By the age of 6, young girls are less likely than boys to view their own gender as brilliant.
In our research, published today in the journal Science, we’ve found that girls as young as 6 start to believe that specific activities are “not for them” simply because they think they’re not smart enough. Our research suggests that American children are picking up on cultural stereotypes about brilliance at an early age. Unfortunately, these stereotypes suggest that girls aren’t as smart as boys.
If you try to think of a character in a book or show who is brilliant, you may come up with someone like Sherlock Holmes, Mr. Spock, Sheldon Cooper from “The Big Bang Theory” – or some other man. Of course, there are exceptions, such as Hermione Granger in the Harry Potter series and Lisa Simpson in “The Simpsons.” Most often, though, our cultural stereotypes promote the idea that being intellectually gifted is a male quality.
Even if parents do not explicitly endorse this stereotype, evidence suggests that it affects their hopes for their children. A 2014 report found that American parents Googled “Is my son a genius?” more than twice as often as they Googled “Is my daughter a genius?”
In contrast, questions about physical appearance were relatively more common for girls: Parents Googled “Is my daughter overweight?” about 70 percent more often than “Is my son overweight?”
As it happens, boys are slightly more likely to be overweight than girls. And, even though teachers – like parents – tend to assume that boys have greater “natural ability,” in reality girls do better in school.
Do little girls pick up on what their parents and teachers think about their smarts?
In our most recent research, with the psychologist Lin Bian as lead author, we studied 400 children ages 5 to 7, recruited over the last several years from a middle-class community near the University of Illinois, where one of us was working at the time.
For one study, each of 96 children (half boys, half girls) was told two stories about a person whose gender was not specified. They were told that one was about a “really, really smart” person, and the other was about a “really, really nice” person. Next, the children were shown four pictures (two males and two females) and were asked to guess which one might be the person in the story.
At age 5, boys and girls were equally likely to associate intelligence with their own gender, but that changed quickly. At age 6, girls were significantly less likely to associate brilliance with their own gender. Many of them picked a male character to identify the really smart person in the story, much as the boys did.
These stereotyped responses were given by both white and nonwhite children, and did not seem to vary as a function of parental education and income.
When we asked children to guess which of four children, two boys and two girls, would get the best grades in school, girls picked mostly other girls.
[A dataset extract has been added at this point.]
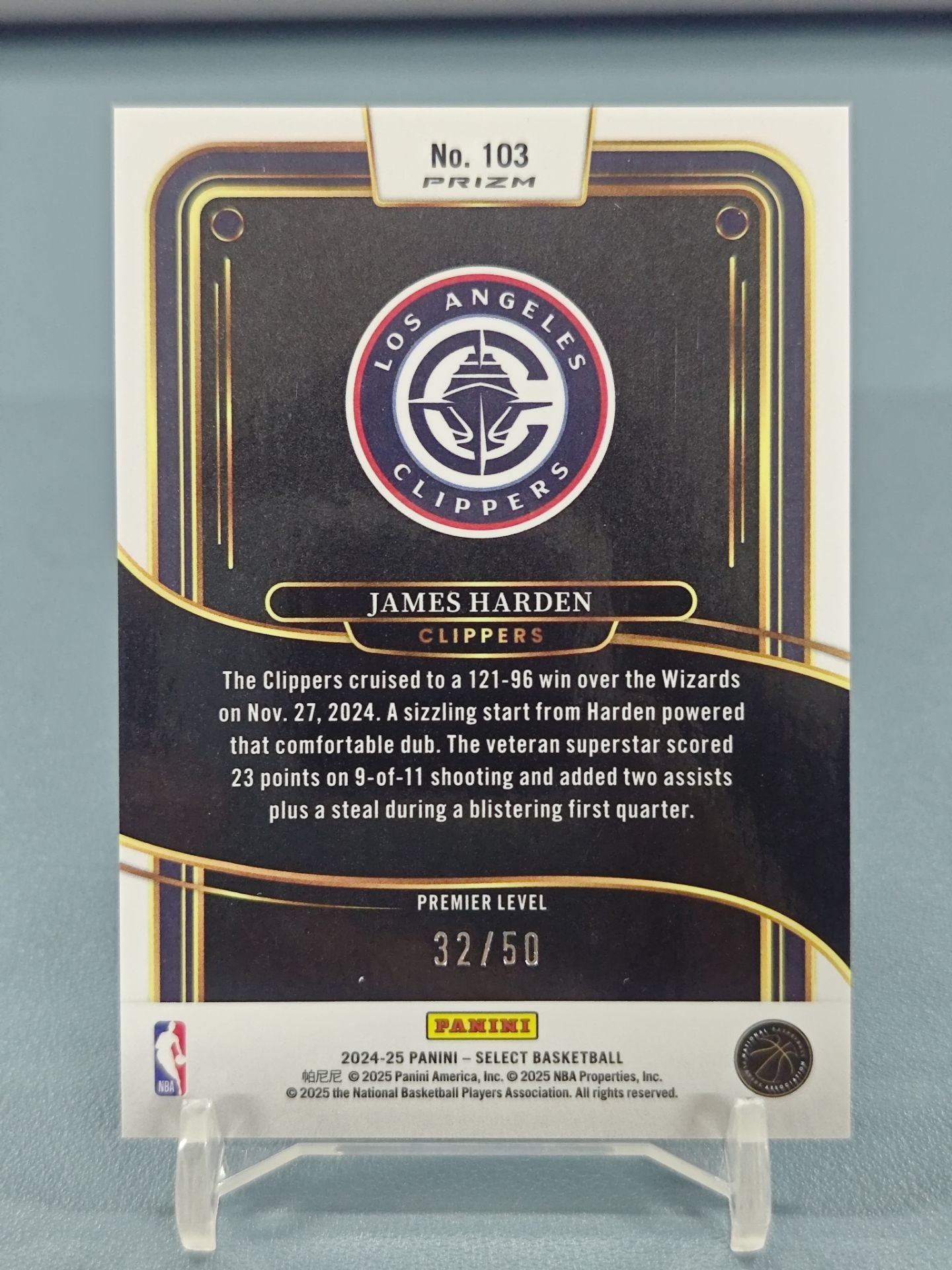 【浩行拍卖 截标预付82%】2024-25 panini select James harden 快船 詹姆斯 哈登 大胡子绿波纹 折射 二级 32/50编 专收必备 瑕疵看图「鲍翅」1026S02單

In other words, the girls we tested were aware that girls do better in school than boys, but that didn’t change their ideas about who’s “smart.”
Our research also suggests that these stereotypes may have lasting effects. Once internalized, they begin to guide girls’ interests away from things that they begin to perceive as “not for them.”
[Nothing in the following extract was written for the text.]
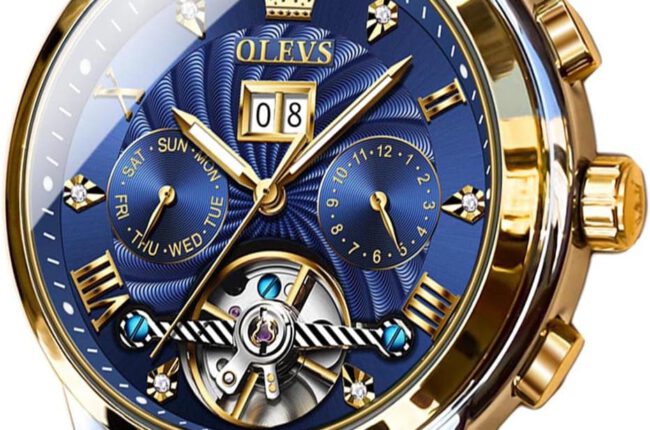 OLEVS Men Automatic Watch Skeleton 5 Hands Mechanical Classic Luxury Multi Calendar Stainless Steel Waterproof Wrist Watch for Men

In another part of the research, 64 children ages 6 and 7 (half boys, half girls) were shown two unfamiliar board games and told that they were either for children who are really smart or for children who try really hard. They were then asked four questions to measure their interest in the games.
When told that a game was for really smart children, the girls showed less interest and motivation than boys. This didn’t have anything to do with the game itself: When we described the exact same game as being for kids who try really hard, girls were just as interested in it as boys.
The difference between 6-year-old boys and girls appears to be related to their emerging stereotypes: We found that 5-year-old boys and girls — whose beliefs about brilliance were not yet differentiated — were equally interested in the game for really smart children.
In later life, these differences in children’s perceptions are likely to be consequential. In fact, in a paper we published in the journal Science in 2015, we found that women are underrepresented in fields thought to require brilliance – fields that include some of the most prestigious careers in our society, such as those in science and engineering. It may be that the roots of this underrepresentation stretch all the way back to childhood.
What is to be done? Research provides some clues. The psychologist Carol Dweck has written that emphasizing the importance of learning and effort — rather than just innate ability — for success in any career might buffer girls against these stereotypes. The relevant stereotypes, already in place at the age of 6, seem to fixate on who is supposed to have innate ability. If innate ability is seen as secondary, then the power of these stereotypes is diminished. Other research indicates that providing girls with successful role models might similarly “inoculate” them, boosting their motivation and protecting them from the idea that they are not intellectually competitive. One study even suggested that witnessing a more equal distribution of household chores could help balance the career aspirations of boys and girls.
Early and consistent exposure to such protective factors – and to the countless contributions made by women – may have the best chance of convincing little girls that they are, in fact, smart enough.